The framework generates and manages consent tokens that:

• Are cryptographically signed using JWT
• Can be embedded in OAuth scopes
• Have configurable expiration dates
• Can be revoked at any time
• Are version-controlled for audit purposes

Comprehensive Audit Trail

All consent-related actions are recorded in an immutable audit trail, including:

• When consent was granted
• When consent was revoked
• Changes to consent scopes
• IP address and device information

UI Integration

The framework is designed to integrate with user interfaces that:

• Clearly explain data usage per feature
• Provide transparent information about third parties
• Allow users to manage their consent preferences

Implementation Details

The Consent & Privacy Framework is implemented in app/security/consent_framework.py and provides the following components:

• ConsentFramework: The main framework that manages consent scopes and tokens
• ConsentScope: Model for defining consent scopes
• ConsentToken: Model for consent tokens
• ConsentRecord: Model for audit trail records
• require_consent: A dependency that can be added to API endpoints to enforce consent requirements

Usage Examples

Requiring Consent for an Endpoint

from app.security.consent_framework import require_consent

@app.post("/api/user-analytics")
async def submit_analytics_data(
    data: AnalyticsData,
    consent_check: bool = Depends(lambda req: require_consent(req, req.state.user_id, "analytics"))
):
    # Process analytics data
    return {"status": "success"}

Granting Consent

from app.security.consent_framework import consent_framework

@app.post("/api/consent")
async def grant_consent(
    request: Request,
    consent_data: ConsentRequest
):
    token = consent_framework.grant_consent(
        user_id=request.state.user_id,
        scope_ids=consent_data.scopes,
        request=request
    )

    return {"status": "success", "token_id": token.token_id}

Revoking Consent

from app.security.consent_framework import consent_framework

@app.delete("/api/consent/{token_id}")
async def revoke_consent(
    request: Request,
    token_id: str
):
    success = consent_framework.revoke_consent(
        user_id=request.state.user_id,
        token_id=token_id,
        request=request
    )

    return {"status": "success" if success else "not_found"}

Getting User's Active Consents

from app.security.consent_framework import consent_framework

@app.get("/api/consent")
async def get_user_consents(request: Request):
    active_consents = consent_framework.get_active_consents(request.state.user_id)

    return {
        "consents": active_consents,
        "available_scopes": {
            scope.scope_id: {
                "name": scope.name,
                "description": scope.description,
                "required": scope.required
            }
            for scope in consent_framework.get_all_scopes()
        }
    }

Integration with OAuth

The Consent Framework integrates with OAuth by embedding consent scopes in OAuth tokens:

# When generating an OAuth token
oauth_scopes = ["openid", "profile"]

# Add consent scopes that the user has granted
active_consents = consent_framework.get_active_consents(user_id)
for scope_id, has_consent in active_consents.items():
    if has_consent:
        oauth_scopes.append(f"consent:{scope_id}")

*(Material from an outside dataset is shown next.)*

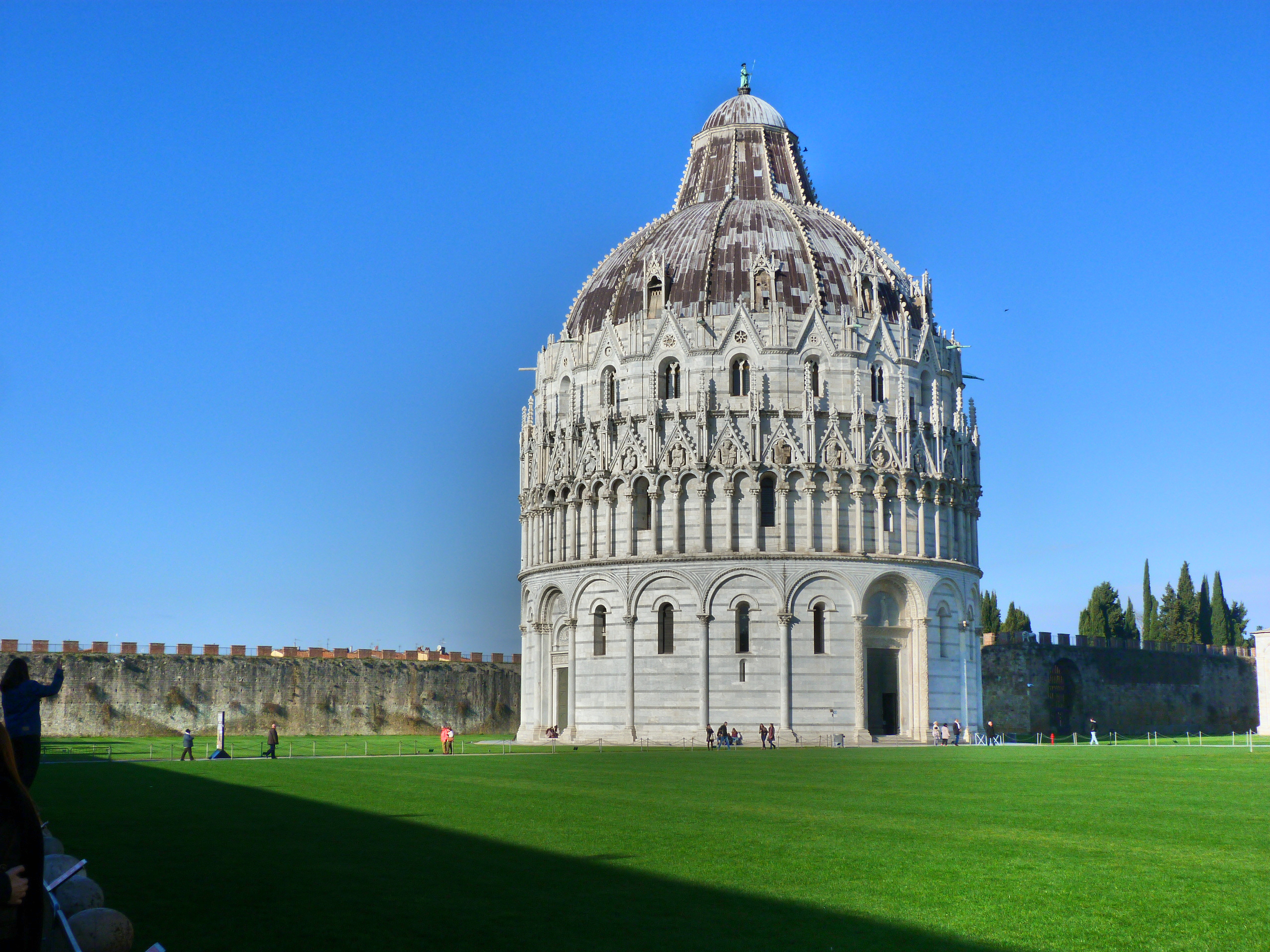 El Baptisterio de Pisa, dedicado a San Juan el Bautista, está frente a la catedral en el extremo occidental de la Piazza dei Miracoli. Comenzó a construirse en el año 1152, y fue concluido en el 1363.

# Generate OAuth token with consent scopes
token = generate_oauth_token(user_id, oauth_scopes)

Best Practices

When using the Consent & Privacy Framework:

1. Be Transparent: Clearly explain what data is being collected and how it will be used
2. Minimize Data Collection: Only collect data that is necessary for the feature
3. Respect User Choices: Honor consent preferences and make it easy to revoke consent
4. Keep Records: Maintain comprehensive records of consent for compliance purposes
5. Regular Reviews: Periodically review consent mechanisms and update as needed

Compliance Considerations

The Consent & Privacy Framework is designed to help meet requirements for:

• General Data Protection Regulation (GDPR)
• California Consumer Privacy Act (CCPA)
• Personal Information Protection and Electronic Documents Act (PIPEDA)
• Other privacy regulations

It provides the technical foundation for compliance, but organizations should consult with legal experts to ensure full compliance with applicable regulations.